LAUSR

Global warming affects the abiotic and biotic growth environment of plants, including the spread of fungal diseases such as Dutch elm disease (DED). DED-resistance of different Ulmus species varies, but how this is reflected in leaf-level physiological pathogen responses has not been investigated. We studied the impacts of mechanical injury alone and mechanical injury plus inoculation with the DED-causing pathogens Ophiostoma novo-ulmi subsp. novo-ulmi and O. novo-ulmi subsp. americana on Ulmus glabra, a more vulnerable species, and U. laevis, a more resistant species. Plant stress responses were evaluated for 12 days after stress application by monitoring leaf net CO2 assimilation rate (A), stomatal conductance (gs), ratio of ambient to intercellular CO2 concentration (Ca/Ci), intrinsic water use efficiency (iWUE, A/gs) and by measuring biogenic volatile (VOC) release by plant leaves. In U. glabra and U. laevis, A was not affected by time, stressors or their interaction. Only in U. glabra gs and Ca/Ci decreased in time, yet recovered by the end of the experiment. Although the emission compositions were affected in both species, the stress treatments enhanced VOC emission rates only in U. laevis.
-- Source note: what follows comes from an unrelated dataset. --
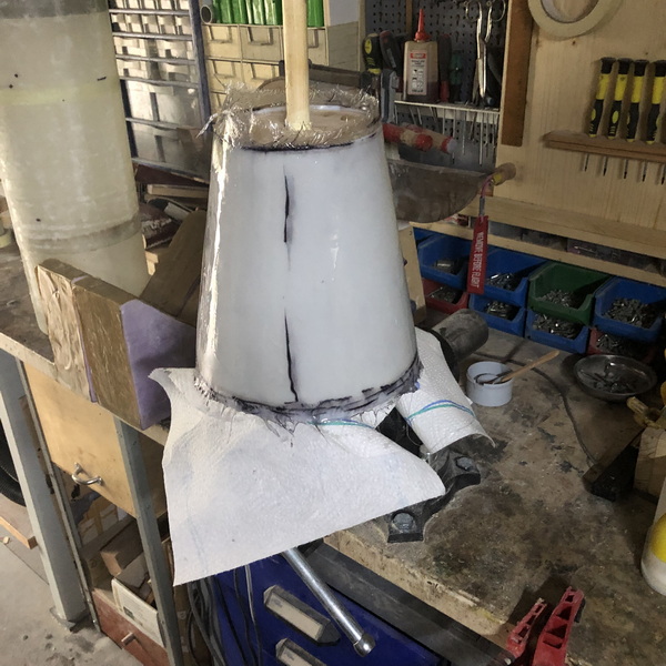 und dann wieder mit einigen Lagen Glasgewebe laminiert,

In this species, mechanical injury especially when combined to the pathogens increased the emission of lipoxygenase (LOX) pathway volatiles and dimethylallyl diphosphate and geranyl diphosphate (DMADP and GDP) pathway volatiles. In conclusion, the more resistant species U. laevis had a more stable photosynthesis, but stronger pathogen-elicited volatile response, especially after inoculation by O. novo-ulmi subsp. novo-ulmi. Thus, stronger activation of defenses might underlay higher DED-resistance in this species.